Items from a dataset:
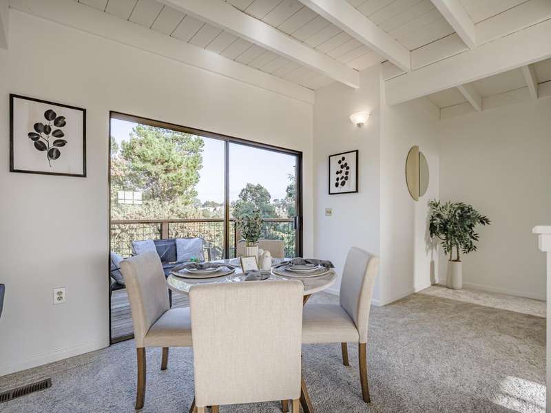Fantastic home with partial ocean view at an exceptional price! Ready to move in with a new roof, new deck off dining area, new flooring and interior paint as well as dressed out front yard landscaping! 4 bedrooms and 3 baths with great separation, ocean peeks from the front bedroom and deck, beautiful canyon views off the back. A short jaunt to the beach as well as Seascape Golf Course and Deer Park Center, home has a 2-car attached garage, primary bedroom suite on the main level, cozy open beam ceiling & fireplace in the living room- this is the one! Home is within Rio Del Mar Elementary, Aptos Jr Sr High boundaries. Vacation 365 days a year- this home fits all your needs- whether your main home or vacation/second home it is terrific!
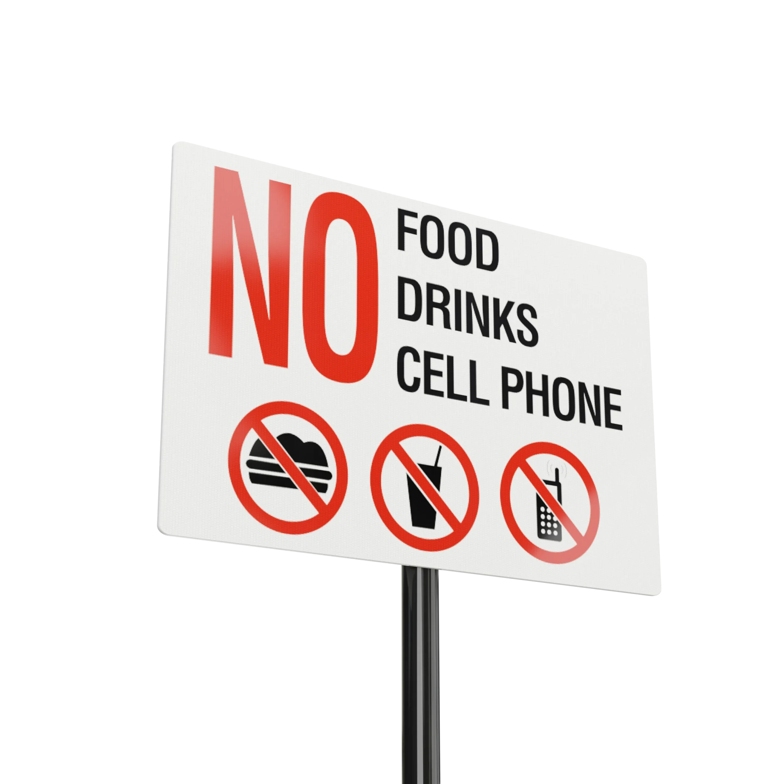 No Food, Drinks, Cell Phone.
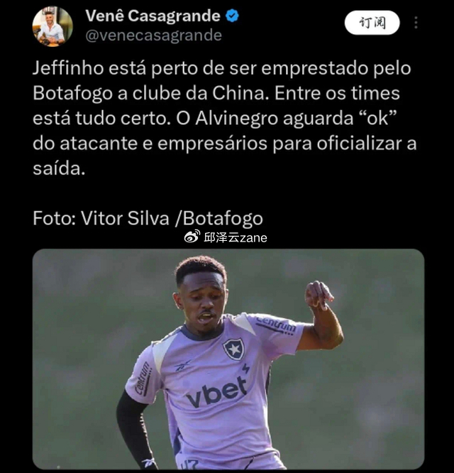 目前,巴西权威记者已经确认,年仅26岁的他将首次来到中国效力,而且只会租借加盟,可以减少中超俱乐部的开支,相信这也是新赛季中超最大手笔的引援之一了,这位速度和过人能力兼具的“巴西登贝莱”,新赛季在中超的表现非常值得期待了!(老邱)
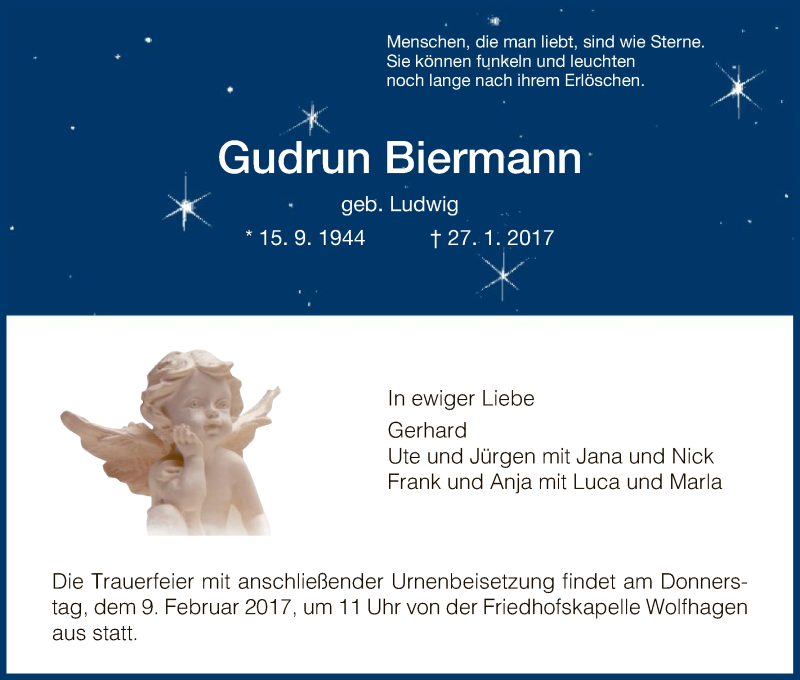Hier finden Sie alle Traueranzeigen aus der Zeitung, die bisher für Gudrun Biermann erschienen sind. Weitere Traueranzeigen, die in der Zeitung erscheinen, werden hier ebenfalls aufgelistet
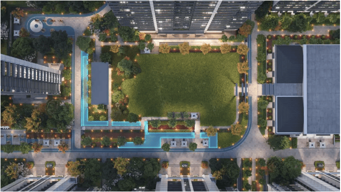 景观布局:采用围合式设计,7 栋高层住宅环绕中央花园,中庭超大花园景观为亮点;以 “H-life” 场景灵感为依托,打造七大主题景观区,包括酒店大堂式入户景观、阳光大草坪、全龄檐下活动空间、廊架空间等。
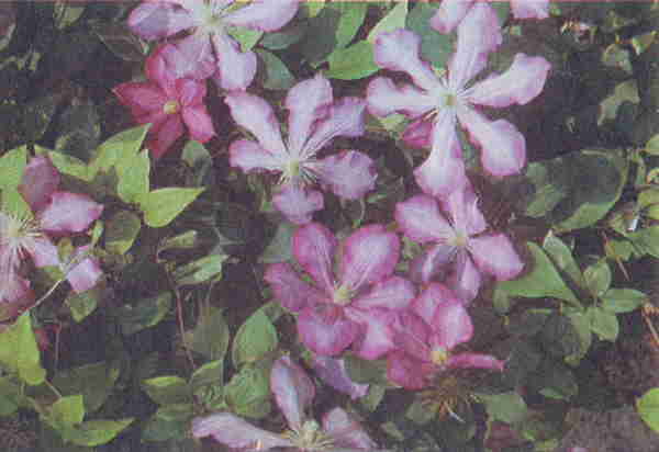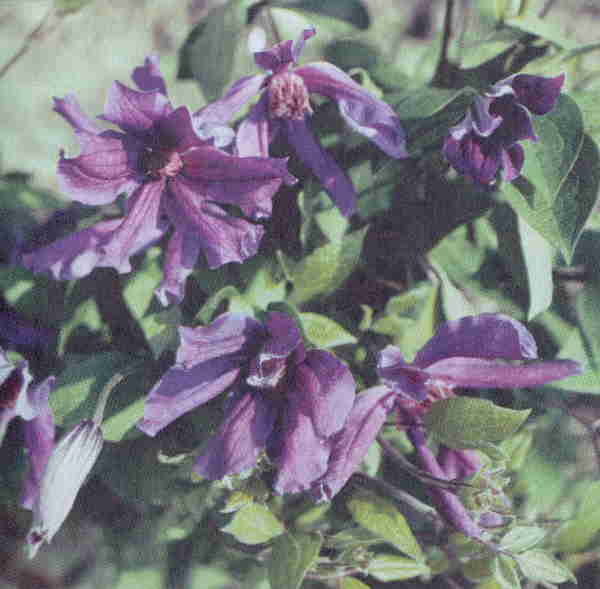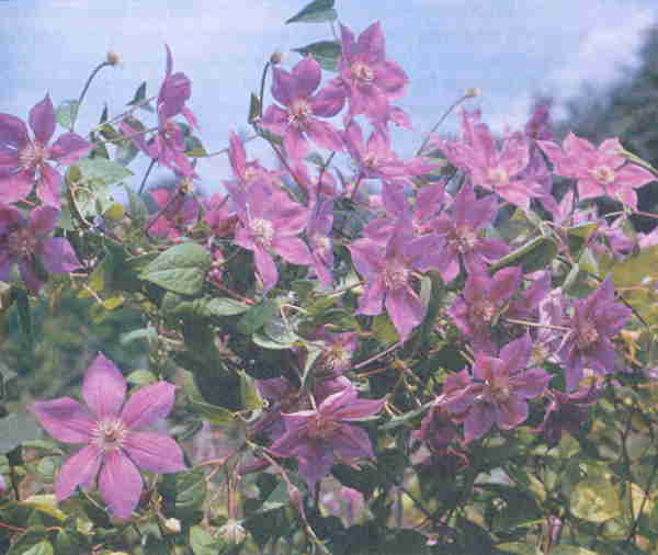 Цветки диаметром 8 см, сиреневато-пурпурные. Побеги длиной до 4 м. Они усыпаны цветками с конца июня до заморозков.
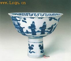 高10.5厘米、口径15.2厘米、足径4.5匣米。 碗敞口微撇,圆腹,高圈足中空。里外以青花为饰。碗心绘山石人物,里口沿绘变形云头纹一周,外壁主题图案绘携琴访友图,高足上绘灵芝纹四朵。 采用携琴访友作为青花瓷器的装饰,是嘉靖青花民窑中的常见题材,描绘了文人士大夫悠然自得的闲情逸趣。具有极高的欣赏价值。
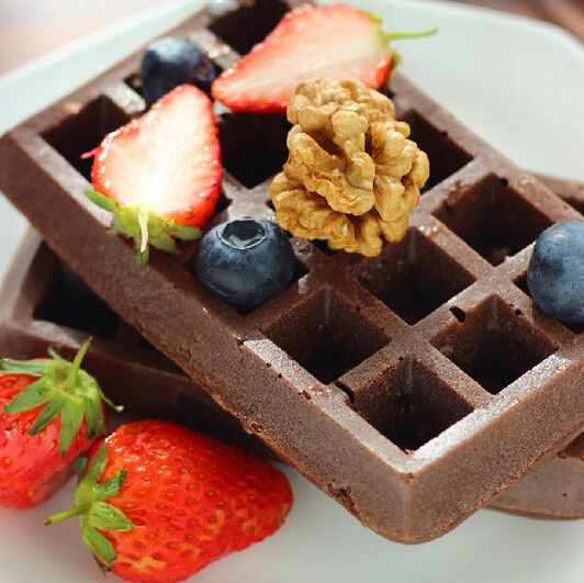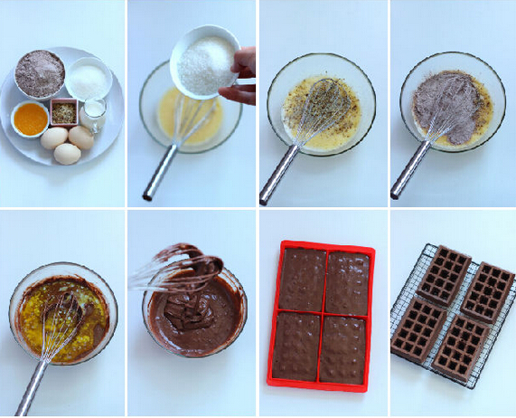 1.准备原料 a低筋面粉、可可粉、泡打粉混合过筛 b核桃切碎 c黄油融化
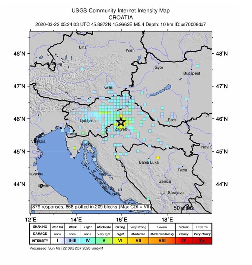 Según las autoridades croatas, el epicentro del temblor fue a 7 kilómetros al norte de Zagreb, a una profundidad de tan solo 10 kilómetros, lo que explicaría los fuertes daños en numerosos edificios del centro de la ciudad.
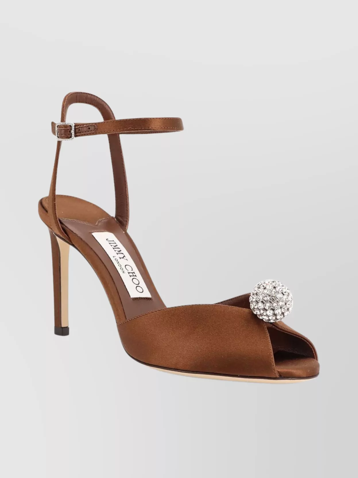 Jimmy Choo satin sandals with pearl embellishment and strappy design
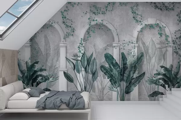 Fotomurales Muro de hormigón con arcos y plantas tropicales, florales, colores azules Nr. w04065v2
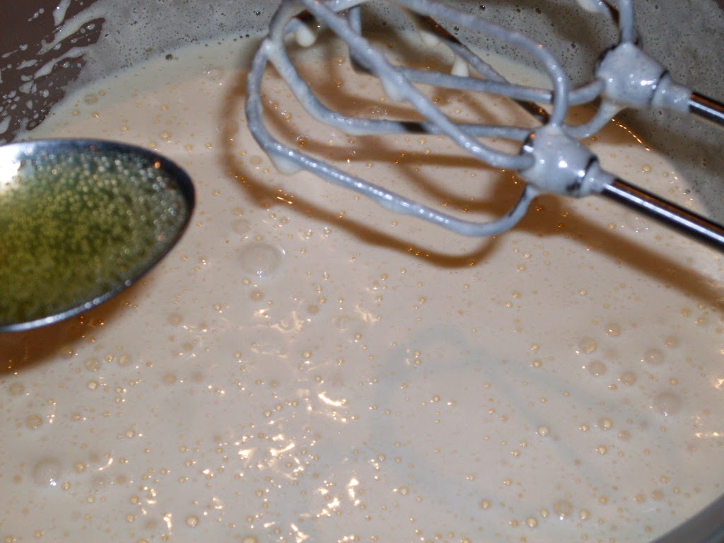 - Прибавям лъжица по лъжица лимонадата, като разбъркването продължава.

> **PROBLEM**:
Transcribe nothing but the lines from the one containing "Цветки диаметром 8" through the final line of the records, exactly as written and without pictures.

> **RESULT OF THIS TASK**:
 Цветки диаметром 8 см, сиреневато-пурпурные. Побеги длиной до 4 м. Они усыпаны цветками с конца июня до заморозков.
 高10.5厘米、口径15.2厘米、足径4.5匣米。 碗敞口微撇,圆腹,高圈足中空。里外以青花为饰。碗心绘山石人物,里口沿绘变形云头纹一周,外壁主题图案绘携琴访友图,高足上绘灵芝纹四朵。 采用携琴访友作为青花瓷器的装饰,是嘉靖青花民窑中的常见题材,描绘了文人士大夫悠然自得的闲情逸趣。具有极高的欣赏价值。
 1.准备原料 a低筋面粉、可可粉、泡打粉混合过筛 b核桃切碎 c黄油融化
 Según las autoridades croatas, el epicentro del temblor fue a 7 kilómetros al norte de Zagreb, a una profundidad de tan solo 10 kilómetros, lo que explicaría los fuertes daños en numerosos edificios del centro de la ciudad.
 Jimmy Choo satin sandals with pearl embellishment and strappy design
 Fotomurales Muro de hormigón con arcos y plantas tropicales, florales, colores azules Nr. w04065v2
 - Прибавям лъжица по лъжица лимонадата, като разбъркването продължава.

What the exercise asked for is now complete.